(RECORDS SHOWN begins)

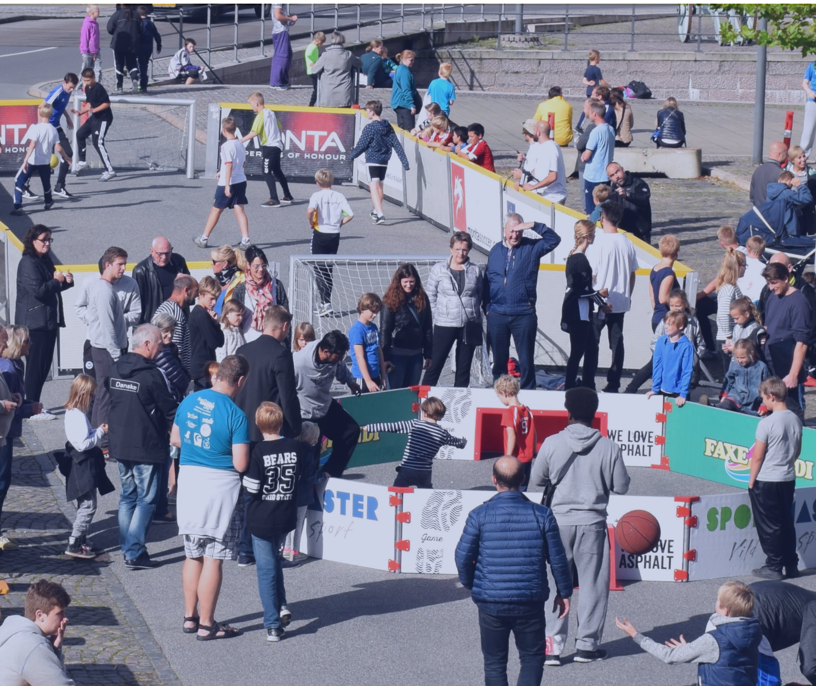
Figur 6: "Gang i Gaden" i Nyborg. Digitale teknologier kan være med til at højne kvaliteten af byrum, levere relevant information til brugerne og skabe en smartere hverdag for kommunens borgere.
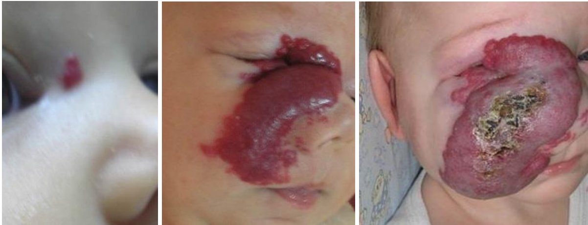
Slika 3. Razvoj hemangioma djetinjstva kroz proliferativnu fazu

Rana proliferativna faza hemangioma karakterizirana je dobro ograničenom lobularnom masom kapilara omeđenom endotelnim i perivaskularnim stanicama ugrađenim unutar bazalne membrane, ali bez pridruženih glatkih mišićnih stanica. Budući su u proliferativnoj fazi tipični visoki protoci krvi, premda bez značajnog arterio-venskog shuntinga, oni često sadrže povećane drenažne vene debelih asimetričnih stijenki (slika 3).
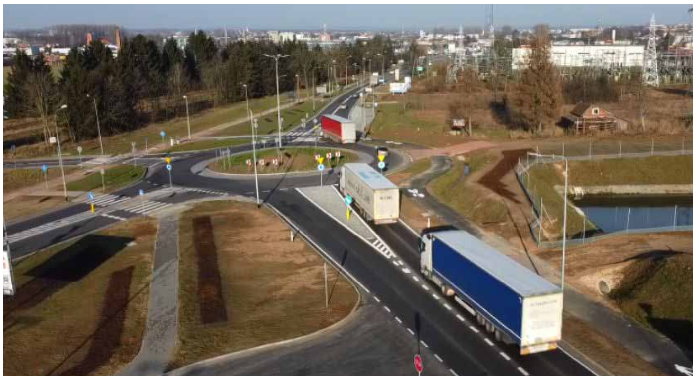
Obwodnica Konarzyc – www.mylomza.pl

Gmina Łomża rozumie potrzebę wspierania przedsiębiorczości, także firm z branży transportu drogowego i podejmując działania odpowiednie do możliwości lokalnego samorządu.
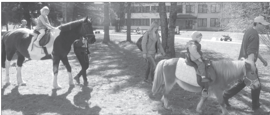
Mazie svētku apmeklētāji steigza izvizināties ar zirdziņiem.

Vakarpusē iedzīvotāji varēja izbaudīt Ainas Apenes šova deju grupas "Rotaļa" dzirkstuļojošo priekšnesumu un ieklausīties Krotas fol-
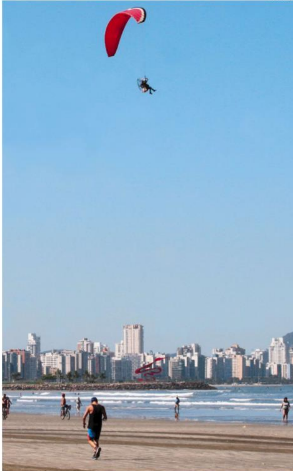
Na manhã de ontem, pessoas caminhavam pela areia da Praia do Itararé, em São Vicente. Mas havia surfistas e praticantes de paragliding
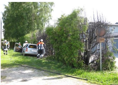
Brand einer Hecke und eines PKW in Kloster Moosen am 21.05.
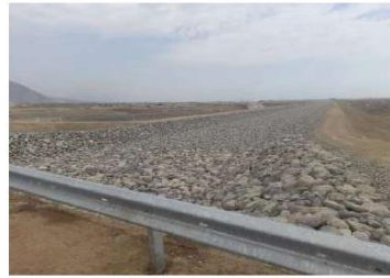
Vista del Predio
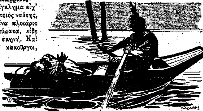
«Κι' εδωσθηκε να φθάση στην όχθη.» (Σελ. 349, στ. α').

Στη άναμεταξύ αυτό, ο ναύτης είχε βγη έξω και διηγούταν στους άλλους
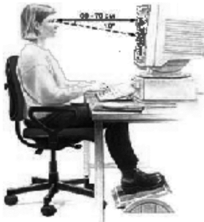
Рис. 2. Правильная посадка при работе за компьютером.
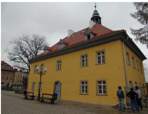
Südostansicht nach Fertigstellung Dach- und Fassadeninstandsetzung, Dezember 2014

(RECORDS SHOWN ends)

* [TASK ITEM]: Every record, from top to bottom, gets written out exactly; no picture goes into the copy.

* [RESPONSE FOR THIS EXERCISE]:
Figur 6: "Gang i Gaden" i Nyborg. Digitale teknologier kan være med til at højne kvaliteten af byrum, levere relevant information til brugerne og skabe en smartere hverdag for kommunens borgere.
Slika 3. Razvoj hemangioma djetinjstva kroz proliferativnu fazu

Rana proliferativna faza hemangioma karakterizirana je dobro ograničenom lobularnom masom kapilara omeđenom endotelnim i perivaskularnim stanicama ugrađenim unutar bazalne membrane, ali bez pridruženih glatkih mišićnih stanica. Budući su u proliferativnoj fazi tipični visoki protoci krvi, premda bez značajnog arterio-venskog shuntinga, oni često sadrže povećane drenažne vene debelih asimetričnih stijenki (slika 3).
Obwodnica Konarzyc – www.mylomza.pl

Gmina Łomża rozumie potrzebę wspierania przedsiębiorczości, także firm z branży transportu drogowego i podejmując działania odpowiednie do możliwości lokalnego samorządu.
Mazie svētku apmeklētāji steigza izvizināties ar zirdziņiem.

Vakarpusē iedzīvotāji varēja izbaudīt Ainas Apenes šova deju grupas "Rotaļa" dzirkstuļojošo priekšnesumu un ieklausīties Krotas fol-
Na manhã de ontem, pessoas caminhavam pela areia da Praia do Itararé, em São Vicente. Mas havia surfistas e praticantes de paragliding
Brand einer Hecke und eines PKW in Kloster Moosen am 21.05.
Vista del Predio
«Κι' εδωσθηκε να φθάση στην όχθη.» (Σελ. 349, στ. α').

Στη άναμεταξύ αυτό, ο ναύτης είχε βγη έξω και διηγούταν στους άλλους
Рис. 2. Правильная посадка при работе за компьютером.
Südostansicht nach Fertigstellung Dach- und Fassadeninstandsetzung, Dezember 2014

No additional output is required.